** Opening Task inputs block **

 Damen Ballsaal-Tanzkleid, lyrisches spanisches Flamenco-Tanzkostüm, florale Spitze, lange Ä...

** Closing Task inputs block **
** Opening Task inputs block **

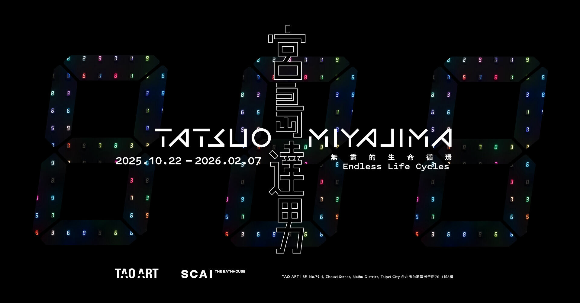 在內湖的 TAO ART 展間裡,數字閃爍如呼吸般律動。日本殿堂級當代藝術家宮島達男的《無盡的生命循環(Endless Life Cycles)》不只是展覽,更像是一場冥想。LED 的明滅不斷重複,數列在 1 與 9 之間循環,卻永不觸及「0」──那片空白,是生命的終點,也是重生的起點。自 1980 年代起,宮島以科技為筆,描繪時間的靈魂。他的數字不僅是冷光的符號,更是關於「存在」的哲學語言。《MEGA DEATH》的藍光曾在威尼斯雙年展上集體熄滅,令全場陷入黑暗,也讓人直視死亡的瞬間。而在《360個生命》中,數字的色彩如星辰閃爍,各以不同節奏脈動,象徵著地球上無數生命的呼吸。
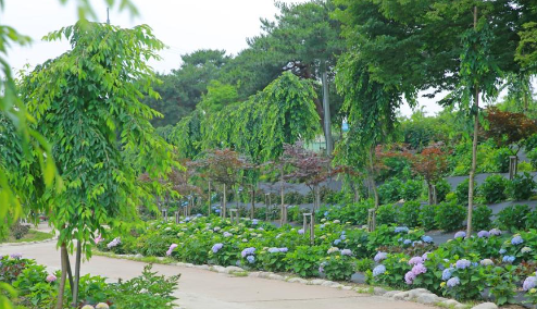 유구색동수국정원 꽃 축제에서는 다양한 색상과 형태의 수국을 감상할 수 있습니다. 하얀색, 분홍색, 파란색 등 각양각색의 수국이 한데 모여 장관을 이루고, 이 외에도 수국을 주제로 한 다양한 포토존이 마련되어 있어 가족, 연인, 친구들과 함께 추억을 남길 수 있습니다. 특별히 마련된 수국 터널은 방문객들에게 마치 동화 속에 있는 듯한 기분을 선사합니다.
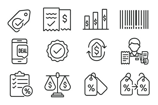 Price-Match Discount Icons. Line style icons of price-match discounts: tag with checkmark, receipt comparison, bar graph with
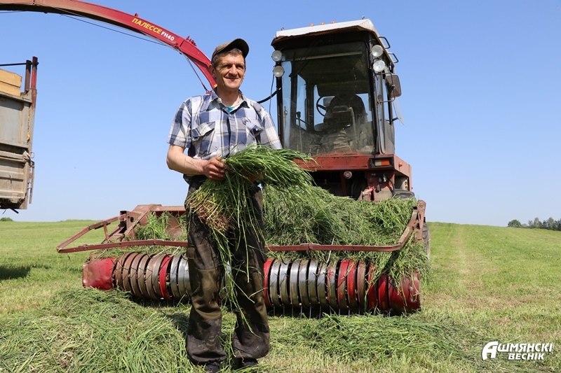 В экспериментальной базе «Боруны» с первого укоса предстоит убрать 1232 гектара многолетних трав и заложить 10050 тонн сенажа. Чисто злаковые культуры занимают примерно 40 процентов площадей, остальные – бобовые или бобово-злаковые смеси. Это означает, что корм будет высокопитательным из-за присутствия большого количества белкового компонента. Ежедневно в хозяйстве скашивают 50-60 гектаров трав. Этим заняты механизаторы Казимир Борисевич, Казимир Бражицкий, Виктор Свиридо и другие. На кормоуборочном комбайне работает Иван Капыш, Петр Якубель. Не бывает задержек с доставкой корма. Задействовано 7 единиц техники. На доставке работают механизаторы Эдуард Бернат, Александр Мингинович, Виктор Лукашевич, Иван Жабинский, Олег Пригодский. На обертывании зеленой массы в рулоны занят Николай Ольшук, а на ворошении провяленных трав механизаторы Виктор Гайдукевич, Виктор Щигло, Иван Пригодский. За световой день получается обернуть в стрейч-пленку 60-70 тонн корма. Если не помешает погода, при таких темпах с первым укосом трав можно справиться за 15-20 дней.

** Closing Task inputs block **

### Action item
Although pictures appear among the entries, please set down only the lines from the one with "유구색동수국정원 꽃 축제에서는" up to and including the one with "В экспериментальной базе", word for word.

### Your response
 유구색동수국정원 꽃 축제에서는 다양한 색상과 형태의 수국을 감상할 수 있습니다. 하얀색, 분홍색, 파란색 등 각양각색의 수국이 한데 모여 장관을 이루고, 이 외에도 수국을 주제로 한 다양한 포토존이 마련되어 있어 가족, 연인, 친구들과 함께 추억을 남길 수 있습니다. 특별히 마련된 수국 터널은 방문객들에게 마치 동화 속에 있는 듯한 기분을 선사합니다.
 Price-Match Discount Icons. Line style icons of price-match discounts: tag with checkmark, receipt comparison, bar graph with
 В экспериментальной базе «Боруны» с первого укоса предстоит убрать 1232 гектара многолетних трав и заложить 10050 тонн сенажа. Чисто злаковые культуры занимают примерно 40 процентов площадей, остальные – бобовые или бобово-злаковые смеси. Это означает, что корм будет высокопитательным из-за присутствия большого количества белкового компонента. Ежедневно в хозяйстве скашивают 50-60 гектаров трав. Этим заняты механизаторы Казимир Борисевич, Казимир Бражицкий, Виктор Свиридо и другие. На кормоуборочном комбайне работает Иван Капыш, Петр Якубель. Не бывает задержек с доставкой корма. Задействовано 7 единиц техники. На доставке работают механизаторы Эдуард Бернат, Александр Мингинович, Виктор Лукашевич, Иван Жабинский, Олег Пригодский. На обертывании зеленой массы в рулоны занят Николай Ольшук, а на ворошении провяленных трав механизаторы Виктор Гайдукевич, Виктор Щигло, Иван Пригодский. За световой день получается обернуть в стрейч-пленку 60-70 тонн корма. Если не помешает погода, при таких темпах с первым укосом трав можно справиться за 15-20 дней.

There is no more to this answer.